The district has had 161 customer visits at its fill station. He attributes the slow response to the fact that the district opened its fill station toward the end of summer, when water demand had already begun to taper off. But the district also requires customers to take a brief class before they are eligible to use the water, which may act as an obstacle. Most agencies merely require customers to sign an educational form.

The city of Roseville was the first in the Sacramento region to offer a free recycled water fill station.
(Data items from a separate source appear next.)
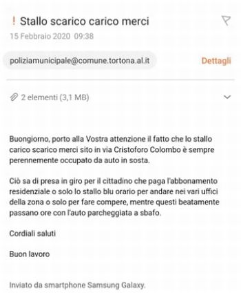 Di seguito la email invita al comando dei vigili, ma credo non sia servita a nulla.
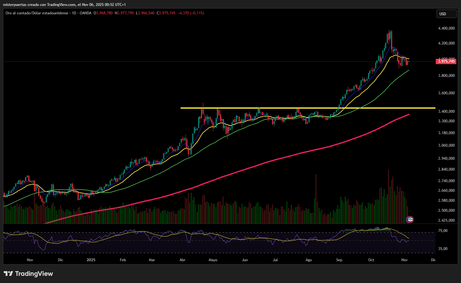 El oro repuntó con fuerza hoy, pero no logró superar los 4000 dólares.
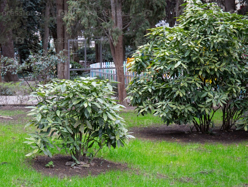 Красивые деревья весной на южном берегу Крыма в Ялте.Аукуба японская
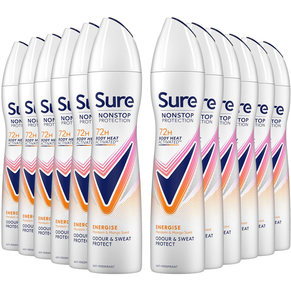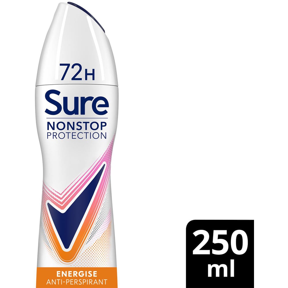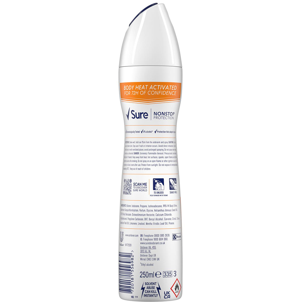 Sure Women Nonstop Protection Energise Anti-Perspirant Aerosol Deodorant offers 72 hours of continuous defence against sweat and odour, ensuring you’re always prepared to keep going. Its alcohol-free formula keeps your underarms feeling clean, fresh, and dry throughout the day without irritating. This women's Anti-Perspirant deodorant utilises Sure's innovative Body Heat Activated technology, which works effectively when temperatures rise, creating a robust protective barrier as your body heat increases and providing you with unwavering confidence paired with a revitalising mandarin and mango fragrance. Whether you're supporting your favourite team, enjoying a vigorous day out, or simply hanging out with friends, this women's deodorant spray will provide you with all the support needed. When you put in the effort, you can count on Sure to do even more. The Anti-Perspirant containers are crafted from infinitely recyclable aluminium. Please remember to recycle.

Todd Jordan, a senior engineer for the city, said it was a natural extension of its larger recycled water program. Over 20 years, the city has built a so-called “purple pipe” system to distribute treated wastewater in parts of the city for irrigation purposes.

This year, Roseville also began requiring construction companies to use recycled water for dust control, which they collect in tanker trucks at designated hydrants around the city. And they pay for this water: 44 cents per 100 cubic feet, or about half what potable water costs.

In 2015, Roseville delivered more than 1 billion gallons of recycled wastewater for the first time ever.

“I think that, in itself, shows it’s a valuable resource to our community,” Jordan said.